Today began with a tropical spectacle. In the early cool morn, we boarded Zodiacs to explore the Rios Cuero and Salado. It was a tropical fantasy. Thick vegetation swathed the shores. Howler monkeys snoozed among the branches, all languor but for their tails, questing, like snakes, for a tighter grip. Butterflies skipped from flower to flower. But most varied were the birds. Parrots shot by in noisy flight, or screeched from hidden leafy perches. Herons and kingfishers played follow the leader with our boats. Toucans gamboled in the treetops, and gave their strange ‘treefrog’ calls. We found brightly colored trogons, huge woodpeckers, and even the bizarre and masterfully cryptic pottoo.

We had sought birds, but as we motored to our next destination, the birds came to us. Tiny warblers appeared on the light fixtures, beneath the deck chairs, and between people’s feet. These birds were in migration, and used the ship as a temporary resting place. Most were exhausted beyond fear, and sometimes landed within inches of our eyes! We saw several species, including the Blackburnian warbler, fabulously plumed in incendiary colors.

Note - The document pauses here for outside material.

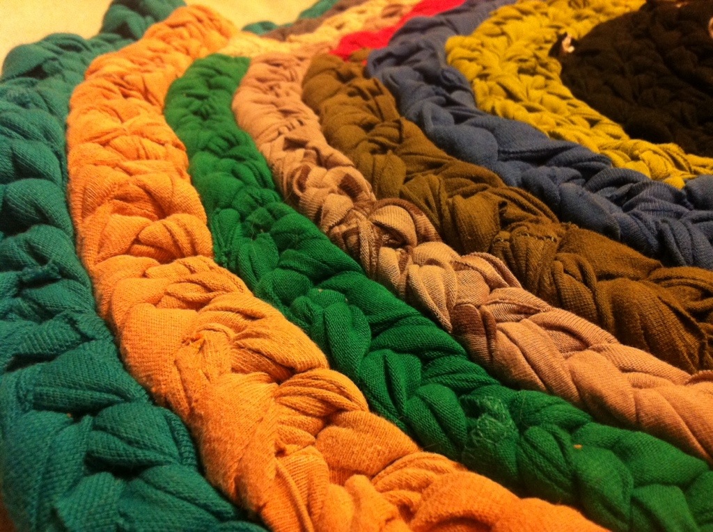So here is the T-Shirt Rug I have been making from the stacks of old T-Shirts I have that I couldn’t bear to throw out. Now they can have a new life.

Equally bright colors lay beneath the waves. From tiny Southwest Cay, we donned our gear and went snorkeling. Fish hovered over the intricate reef, barred or spotted, vermiculated or pied, rimmed or punctuated in splendid hues. We saw mousy grey and acid purple, emerald and maroon, midnight and electric blue, and every kind of yellow.

Emerging from the water, many of us were a bit slack jawed and stupefied at the submarine scene, but a few of us managed to explore the tiny island. Once again we found migrating birds everywhere. The warblers, orioles and flycatchers all seemed more typical of some New England forest, yet here they were, perched in palm trees.

By night the saga continued. Having rested during the day, all of these migrants were now streaming by in the dark. We gathered to watch as flock after flock passed our lights. Soon swallows were lining the handrails and awning supports. At last, the Captain dimmed our lights so as not to disorient the travelers.

It is moving to encounter a little bird, such as the Yellow warbler pictured, at close range. Gone is the swarm, the vast flock, the anonymous herd. Suddenly one sees an individual creature, with intensions, urges, even feelings, that even if never articulated, may be as heartfelt as our own.

Travel can lead one to new discoveries, without and within.